Closes #27965 from cloud-fan/string.
Authored-by: Wenchen Fan <[email protected]>
Signed-off-by: Wenchen Fan <[email protected]>
(cherry picked from commit 1d0f54951ea66cfbfc712300ed04f6d848b2fd5a)
Signed-off-by: Wenchen Fan <[email protected]>
---
docs/sql-migration-guide.md | 2 +-
.../spark/sql/catalyst/analysis/Analyzer.scala | 6 +-
.../spark/sql/catalyst/analysis/TypeCoercion.scala | 30 +++++++++
.../test/resources/sql-tests/inputs/datetime.sql | 10 +++
.../resources/sql-tests/results/datetime.sql.out | 73 +++++++++++++++++++++-
.../typeCoercion/native/promoteStrings.sql.out | 6 +-
6 files changed, 118 insertions(+), 9 deletions(-)
diff --git a/docs/sql-migration-guide.md b/docs/sql-migration-guide.md
index 31d5c68..b4e51c2 100644
--- a/docs/sql-migration-guide.md
+++ b/docs/sql-migration-guide.md
@@ -110,7 +110,7 @@ license: |
### UDFs and Built-in Functions
- - Since Spark 3.0, the `date_add` and `date_sub` functions only accepts int,
smallint, tinyint as the 2nd argument, fractional and string types are not
valid anymore, e.g. `date_add(cast('1964-05-23' as date), '12.34')` will cause
`AnalysisException`. In Spark version 2.4 and earlier, if the 2nd argument is
fractional or string value, it will be coerced to int value, and the result
will be a date value of `1964-06-04`.
+ - Since Spark 3.0, the `date_add` and `date_sub` functions only accept int,
smallint, tinyint as the 2nd argument, fractional and non-literal string are
not valid anymore, e.g. `date_add(cast('1964-05-23' as date), 12.34)` will
cause `AnalysisException`. Note that, string literals are still allowed, but
Spark will throw Analysis Exception if the string content is not a valid
integer. In Spark version 2.4 and earlier, if the 2nd argument is fractional or
string value, it will be coerced [...]
- Since Spark 3.0, the function `percentile_approx` and its alias
`approx_percentile` only accept integral value with range in `[1, 2147483647]`
as its 3rd argument `accuracy`, fractional and string types are disallowed,
e.g. `percentile_approx(10.0, 0.2, 1.8D)` will cause `AnalysisException`. In
Spark version 2.4 and earlier, if `accuracy` is fractional or string value, it
will be coerced to an int value, `percentile_approx(10.0, 0.2, 1.8D)` is
operated as `percentile_approx(10.0, 0.2 [...]
diff --git
a/sql/catalyst/src/main/scala/org/apache/spark/sql/catalyst/analysis/Analyzer.scala
b/sql/catalyst/src/main/scala/org/apache/spark/sql/catalyst/analysis/Analyzer.scala
index eadcd0f..975f023 100644
---
a/sql/catalyst/src/main/scala/org/apache/spark/sql/catalyst/analysis/Analyzer.scala
+++
b/sql/catalyst/src/main/scala/org/apache/spark/sql/catalyst/analysis/Analyzer.scala
@@ -295,8 +295,8 @@ class Analyzer(
case (CalendarIntervalType, CalendarIntervalType) => a
case (_, CalendarIntervalType) => Cast(TimeAdd(l, r), l.dataType)
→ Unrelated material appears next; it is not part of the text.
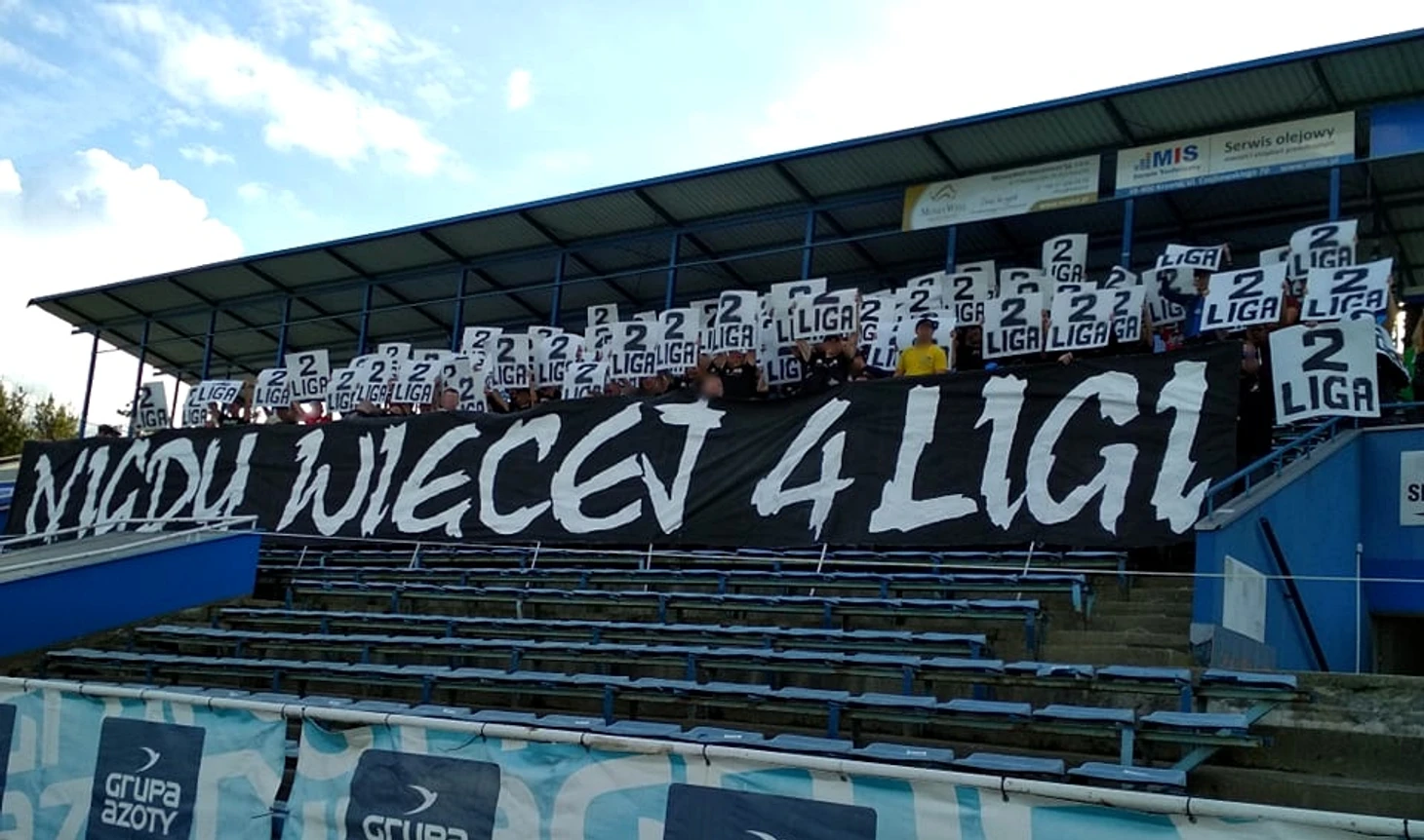 «Никогда больше 4-ой лиги» - перформанс фанатов тарнувской «Унии» с понятным посылом в адрес своих футболистов на матче с резервной командой «Краковии» на матче III-ей лиги.
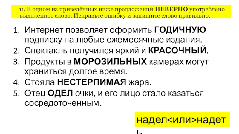 11. В одном из приведённых ниже предложений НЕВЕРНО употреблено выделенное слово. Исправьте ошибку и запишите слово правильно.

case (CalendarIntervalType, _) => Cast(TimeAdd(r, l), r.dataType)
- case (DateType, _) => DateAdd(l, r)
- case (_, DateType) => DateAdd(r, l)
+ case (DateType, dt) if dt != StringType => DateAdd(l, r)
+ case (dt, DateType) if dt != StringType => DateAdd(r, l)
case _ => a
}
case s @ Subtract(l, r) if s.childrenResolved => (l.dataType,
r.dataType) match {
@@ -305,7 +305,7 @@ class Analyzer(
case (TimestampType, _) => SubtractTimestamps(l, r)
case (_, TimestampType) => SubtractTimestamps(l, r)
case (_, DateType) => SubtractDates(l, r)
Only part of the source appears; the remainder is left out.